Conducting exploratory microbial research at deep-sea hydrothermal vents requires a number of different approaches to ensure adequate coverage of the many different micro-habitats in and around the vents. Our ultimate goal is to collect samples from as many habitats as possible for a variety of analyses and experiments including (1) protistan biomass for DNA- and RNA-based microbial diversity analysis, (2) live cells for enrichment, culturing, isolation, and identification, (3) live cells for bacterial grazing experiments at hydrostatic pressures typical of the deep-sea, and (4) samples for microscopy and digital imaging.

A primary consideration when thinking about sample collection is how to concentrate microbial biomass from an environment where it’s probable that protists of any given species are highly diluted. In the past, we’ve teamed up with the virus researchers to obtain samples from the Large Volume Water Sampler (LVWS) (see photo at top in sidebar), which pumps water from discrete locations near the seafloor that would otherwise be very difficult to sample with respect to the enormous amount of biomass that it’s able to collect.

Microbial mats and underlying sediments at Guaymas Basin are readily sampled with simple push-cores and have already yielded DNA sequences from many protists. A completely different (and new) approach to protistan sample collection in the deep sea involves deploying traps (either baited or non-baited) and fresh colonization surfaces (glass slides). Traps were deployed widely in 2007 for collection during our 2008 field season.

In addition to submersible-based sample collections carried out in close proximity to the deep-sea hydrothermal vents, we’re also interested in the distribution of protists throughout the water column above the vents, within the buoyant hydrothermal plume (a few tens of meters above the vents), and at control sites away from the immediate influence of hydrothermal vents (a few kilometers off axis). Sampling these sites using traditional oceanographic techniques (CTD/Niskin bottle casts) will help in the determination of the extent to which particular protistan species occur only in the deep-sea vent ecosystems.

Microbial mats and underlying sediments were collected with coring devices at the Guaymas Basin hydrothermal vents (top). Cores were prepared for extrusion and sectioning back on board the R/V Atlantis (left). A piston jack was used to push the sediment core up the length of the tube so that slices of the core could be recovered in 1 cm intervals starting at the top. Preliminary DNA analysis of the complex community living in the warm sediment below the orange bacterial mat indicated a diverse assemblage of ciliates.

In addition to sample collection by the submersible DSV Alvin, we use the CTD (Conductivity, Temperature, Depth) and Niskin bottles deployed from the R/V Atlantis to sample the water column in and around the hydrothermal vent ecosystem. The CTD profiling instruments can be seen below the gray Niskin water sampling bottles at right. Real-time data acquisition by the CTD and its transmission back to the ship permits the collection of discrete water samples from within the plume water above the hydrothermal vents.

A primary sampling strategy that we employed was the deployment of "Protist Traps" or "Protist Colonizers." As you can see in the images at left, the traps consisted of large sponges cut to fit inside plastic tubing with 200 µm plastic mesh fitted over the ends of the tubing to exclude metazoa (A – C).

Glass slide colonizers in conjunction with many of the sponge traps (visible in B & C attached to the side of sponge traps) were deployed at a variety of sites including detrital communities near metazoa (A), on the side of hydrothermal vent chimneys (B), and on freshly colonized basalt (C).

A previous measurement of DNA extracted from baited vs. non-baited traps deployed in an area dominated by decaying Riftia parchment tubes at a depth of 2,512 m near the Tica site indicated twice as much microbial DNA in the baited trap as the non-baited trap after a one-week deployment on the seafloor.
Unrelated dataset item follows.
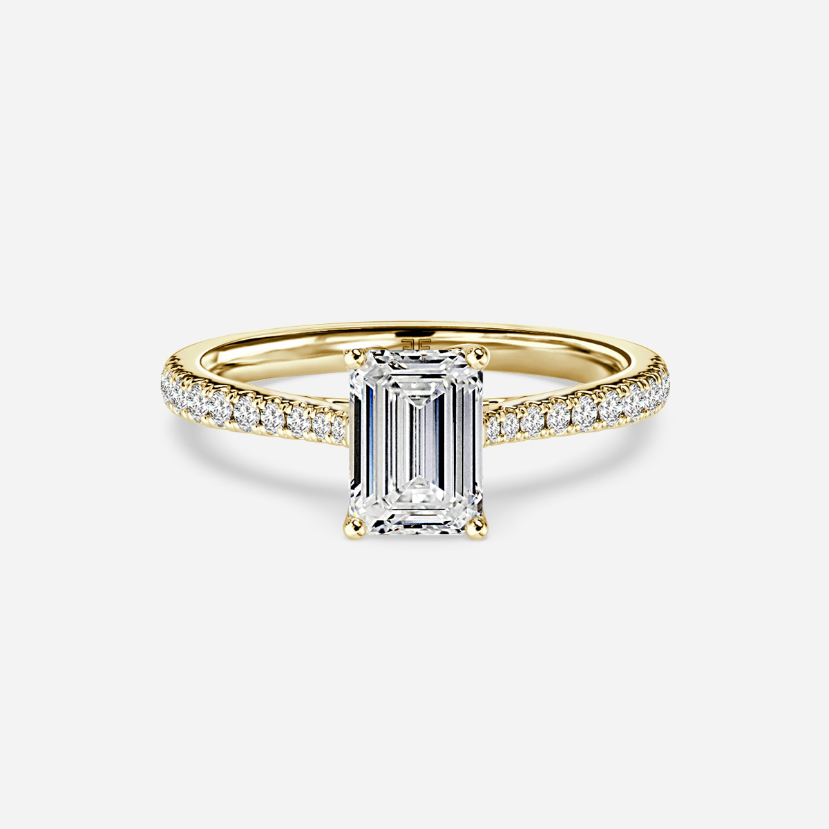 A yellow gold micro pave diamond engagement ring features a sparkling round diamond in the center, accents along the shoulders, and a timeless design perfect for celebrating this special moment. Handcrafted in Hatton Garden, London Centre Diamond Not Included Setting Only

The colony of Riftia tubeworms most likely died off when hydrothermal venting at the location subsided, providing an example of the ephemeral nature of vent communities. The empty and decaying tubes turned out to be good source material for collection of deep-sea ciliates that were living on or within the tubes. The upper temperature limit of protists in deep-sea vent ecosystems remains unknown.